Group By & Aggregation

GroupBy currently requires a ranking expression to be specified. Support for grouping without ranking is planned for a future release.

How Grouping Works

GroupBy organizes ranked results into groups based on metadata keys, then performs aggregation on each group. Currently, aggregation supports MinK and MaxK, which select the top k results from each group based on the specified sorting keys. After grouping and aggregation, results from all groups are flattened and sorted by score. The limit() method operates on this flattened list.

from chromadb import Search, K, Knn, GroupBy, MinK

# Get top 3 results per category, ordered by score
search = (Search()
    .rank(Knn(query="machine learning research"))
    .group_by(GroupBy(
        keys=K("category"),
        aggregate=MinK(keys=K.SCORE, k=3)
    ))
    .limit(30)
    .select(K.DOCUMENT, K.SCORE, "category"))

results = collection.search(search)

The GroupBy Class

The GroupBy class specifies how to partition results and which records to keep from each partition.

from chromadb import GroupBy, MinK, K

# Single grouping key
GroupBy(
    keys=K("category"),
    aggregate=MinK(keys=K.SCORE, k=3)
)

# Multiple grouping keys
GroupBy(
    keys=[K("category"), K("year")],
    aggregate=MinK(keys=K.SCORE, k=1)
)

GroupBy Parameters

Parameter	Type	Description
`keys`	Key or List[Key]	Metadata key(s) to group by
`aggregate`	MinK or MaxK	Aggregation function to select top k records within each group

Aggregation Functions

MinK

Keeps the k records with the smallest values for the specified keys. Use MinK when lower values are better (e.g., distance scores, prices, priorities).

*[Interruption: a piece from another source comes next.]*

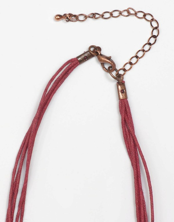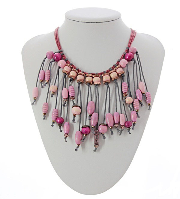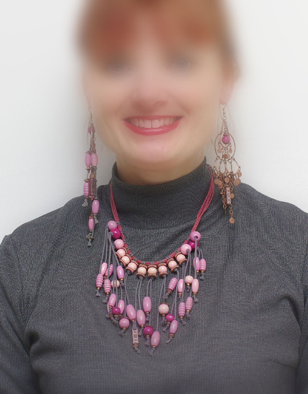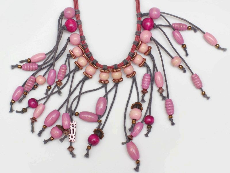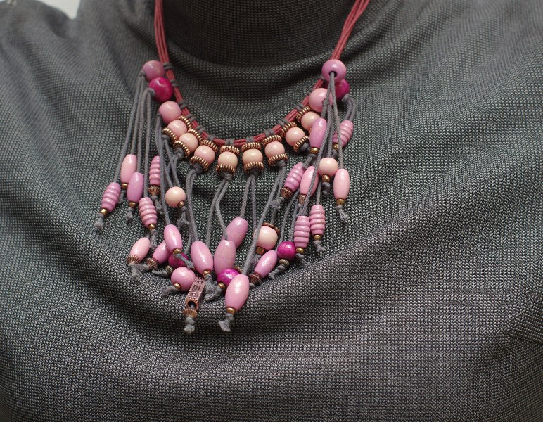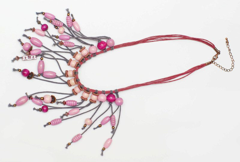 Vasevärvi kaunistusdetailide, erineva kuju ja värvitooniga roosade puuhelmeste ning puuvillanööridega ehtekomplekt kaelakee ja kõrvarõngastega. Kaelakee ripatsid koos helmestega on halli nööriga sõlmitud ühekaupa tumepunasele viiekihilisele puuvillanöörile. Kaelakee pikkus on reguleeritav väikese vasevärvi karabiinhaagi ja lõpetusketiga 43 cm-st kuni 50 cm-ni. Helmestega osa laius on 14 cm.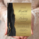 The left-hand edge of this elegant modern wedding invitation features a black watercolor agate border trimmed with faux gold glitter. The customizable text combines off-black handwriting, copperplate and italic fonts on a gold ombre faux foil background. The reverse side features a matching black and gold agate design.

from chromadb import MinK, K

# Keep 3 records with lowest scores per group
MinK(keys=K.SCORE, k=3)

# Keep 2 records with lowest priority, then lowest score as tiebreaker
MinK(keys=[K("priority"), K.SCORE], k=2)

Parameter	Type	Description
`keys`	Key or List[Key]	Key(s) to sort by in ascending order
`k`	int	Number of records to keep from each group

MaxK

Keeps the k records with the largest values for the specified keys. Use MaxK when higher values are better (e.g., ratings, relevance scores, dates).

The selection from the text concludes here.